Predicting the Winners of the Oakland Raiders' Biggest Training Camp Battles
The Oakland Raiders kick off training camp this week, and with it begin some interesting position battles to keep an eye on throughout the preseason.
There should be much more roster competition this year than there was in years past, and that goes a long way toward showing just how much the Raiders’ overall talent has improved in a short period of time.
Most of the competition will come at the skill positions on the offensive side of the ball, but a key battle in the secondary should have a significant impact on the success of the overall defense as well.
With predicted winners for each, here is a look at the Raiders’ biggest training camp battles in 2014.
Winner: Matt Schaub
From the time the Raiders acquired Matt Schaub in an offseason trade, the assumption was that he would be their starting quarterback for at least the 2014 season.
Reports from NFL.com on second-round pick Derek Carr's performances throughout minicamps and OTAs may have cast some doubt on that idea, but Schaub should still be able to hold the top spot heading into the regular season.
While Carr is undoubtedly the quarterback of the future and may well prove to be ready for the field sooner than anticipated, Schaub is the better option for helping the team this year.
With the talent added throughout the roster, the Raiders could be competitive for the first time under the new regime, and Schaub's veteran presence could be key in establishing some consistency on offense.
A new offense and overall situation should help him bounce back from his 2013 season. He has an opportunity to prove that the difficult year should be considered an outlier in his otherwise consistent NFL career.
Winner: Darren McFadden
The Raiders’ running back position is one of the more talented groups on the entire roster, but the key will of course be staying healthy.
Darren McFadden, Maurice Jones-Drew and Latavius Murray could all end up getting plenty of carries this year, as each can bring a lot to the offense.
However, assuming health and the naming of a clear-cut starter, this competition should be won by McFadden.
Yes, McFadden has struggled to stay on the field throughout his career thus far, but when he does—and is in the right offensive scheme—he is the kind of player the offense can center its game plan around.
Jones-Drew will push McFadden throughout the year, and he should easily earn a significant role of his own, but the younger McFadden may be better suited to the increased carries that come with the starting job.
Naming one particular starter may prove irrelevant with the deep rotation the Raiders can and likely will utilize at the position, but McFadden should have the most carries of the group.
Winners: James Jones and Rod Streater
The training camp competition at wide receiver will likely be the most difficult to predict heading in, as there are a number of players challenging for five to six roster spots.
The early favorites for the starting jobs include a veteran free-agent addition in James Jones and one of the Raiders’ most promising young players in Rod Streater.
Jones is arguably the Raiders’ most underrated signing from this past offseason, and he could see more targets and production than he ever did as part of a crowded receiver group in Green Bay.
Streater, who joined the Raiders as an undrafted free agent in 2012, has already become the team’s most reliable target, and he continues to develop at a fast pace.
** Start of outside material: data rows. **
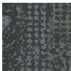
Lava 05500 LRV 8.4 | L* 34.87
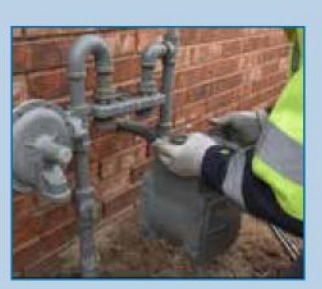
3 Remove the old meter
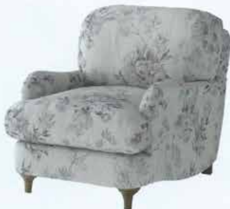
Sit down in comfort. Jonesy armchair in Dusty Blue Vintage Rose, H73xW79xD99cm, £1,095, Loaf.

Denarius Moore, Andre Holmes, Greg Little, Brice Butler and Juron Criner will all be in the mix as well, quite possibly making this one of the deeper positions on the roster overall.
Each could challenge for increased roles with strong training camp and preseason performances, but Jones and Streater should win the starting jobs.
Winner: David Ausberry
The Raiders are without a proven player at tight end, but the young talent and potential they do have should make for an interesting training camp competition.
The early favorite, given the team’s yearly plans for him to become the starter, is David Ausberry.
Ausberry’s transition from wide receiver to tight end has been a long one, but his potential as a downfield target has kept the Raiders from giving up on his development.
Establishing himself as a capable in-line blocker would allow the team to get him as many snaps as possible, but he should have an important role in the success of the offense either way.
Also in the mix are two second-year players who could have big futures with the Raiders, Mychal Rivera and Nick Kasa.
Rivera showcased his playmaking ability as a pass-catcher in 2013, and while Kasa likely needs time to develop in that area, it is his blocking ability that could see him earn snaps sooner than later.
This is another group that will feature an open training camp competition. As long as he can stay healthy, this should finally be the year when Ausberry wins the starting job.
Winners: Tarell Brown and D.J. Hayden
Upgrading at cornerback was one of the Raiders’ main priorities heading into this offseason, and they were able to do so with the additions of Tarell Brown and Carlos Rogers.
Brown should win the starting job on the left side, while the other spot should come down to a competition between Rogers and D.J. Hayden.
If he can remain healthy throughout the all-important training camp and preseason work, Hayden should be able to win the job, thus allowing Rogers to play the slot/nickel role that he is better suited for at this stage in his career.
No, Hayden’s rookie season did not go as planned, but he has the skill set that not only warranted his early first-round selection, but could make him a shutdown corner in the NFL.
With depth a concern here, Hayden winning one of the starting spots out of camp—and the entire group staying healthy—will go a long way toward the success of the defense in 2014.